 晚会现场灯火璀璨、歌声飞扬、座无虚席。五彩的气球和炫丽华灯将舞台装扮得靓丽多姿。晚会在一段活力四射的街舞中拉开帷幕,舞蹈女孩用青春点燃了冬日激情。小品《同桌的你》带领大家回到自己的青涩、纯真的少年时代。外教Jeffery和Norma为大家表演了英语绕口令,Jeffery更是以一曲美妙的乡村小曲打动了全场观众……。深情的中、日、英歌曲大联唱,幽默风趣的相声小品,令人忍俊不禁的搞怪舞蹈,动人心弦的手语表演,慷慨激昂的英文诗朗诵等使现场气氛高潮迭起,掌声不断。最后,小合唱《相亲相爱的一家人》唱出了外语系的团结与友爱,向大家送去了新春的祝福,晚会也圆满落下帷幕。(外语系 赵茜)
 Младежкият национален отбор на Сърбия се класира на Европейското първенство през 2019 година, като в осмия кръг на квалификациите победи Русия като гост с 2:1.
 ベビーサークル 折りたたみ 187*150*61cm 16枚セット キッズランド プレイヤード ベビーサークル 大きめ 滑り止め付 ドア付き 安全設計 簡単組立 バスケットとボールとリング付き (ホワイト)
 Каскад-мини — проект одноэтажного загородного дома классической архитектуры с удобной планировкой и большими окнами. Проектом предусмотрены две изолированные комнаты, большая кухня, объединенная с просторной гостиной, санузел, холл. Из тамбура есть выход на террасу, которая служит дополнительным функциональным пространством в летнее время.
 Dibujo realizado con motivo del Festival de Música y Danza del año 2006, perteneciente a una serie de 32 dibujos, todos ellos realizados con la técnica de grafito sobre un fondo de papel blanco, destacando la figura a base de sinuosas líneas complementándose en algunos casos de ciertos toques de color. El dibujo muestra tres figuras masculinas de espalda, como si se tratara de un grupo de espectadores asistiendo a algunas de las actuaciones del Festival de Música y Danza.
--
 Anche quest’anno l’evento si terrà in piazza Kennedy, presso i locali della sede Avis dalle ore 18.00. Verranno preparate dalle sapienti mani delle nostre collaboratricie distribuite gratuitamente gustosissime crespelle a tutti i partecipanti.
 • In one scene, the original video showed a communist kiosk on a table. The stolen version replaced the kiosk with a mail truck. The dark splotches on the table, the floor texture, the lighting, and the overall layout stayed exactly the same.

Exercise
Reproduce the entries above exactly, but only the lines between the line holding "Каскад-мини — проект" and the line holding "Dibujo realizado con", inclusive.

Output
 Каскад-мини — проект одноэтажного загородного дома классической архитектуры с удобной планировкой и большими окнами. Проектом предусмотрены две изолированные комнаты, большая кухня, объединенная с просторной гостиной, санузел, холл. Из тамбура есть выход на террасу, которая служит дополнительным функциональным пространством в летнее время.
 Dibujo realizado con motivo del Festival de Música y Danza del año 2006, perteneciente a una serie de 32 dibujos, todos ellos realizados con la técnica de grafito sobre un fondo de papel blanco, destacando la figura a base de sinuosas líneas complementándose en algunos casos de ciertos toques de color. El dibujo muestra tres figuras masculinas de espalda, como si se tratara de un grupo de espectadores asistiendo a algunas de las actuaciones del Festival de Música y Danza.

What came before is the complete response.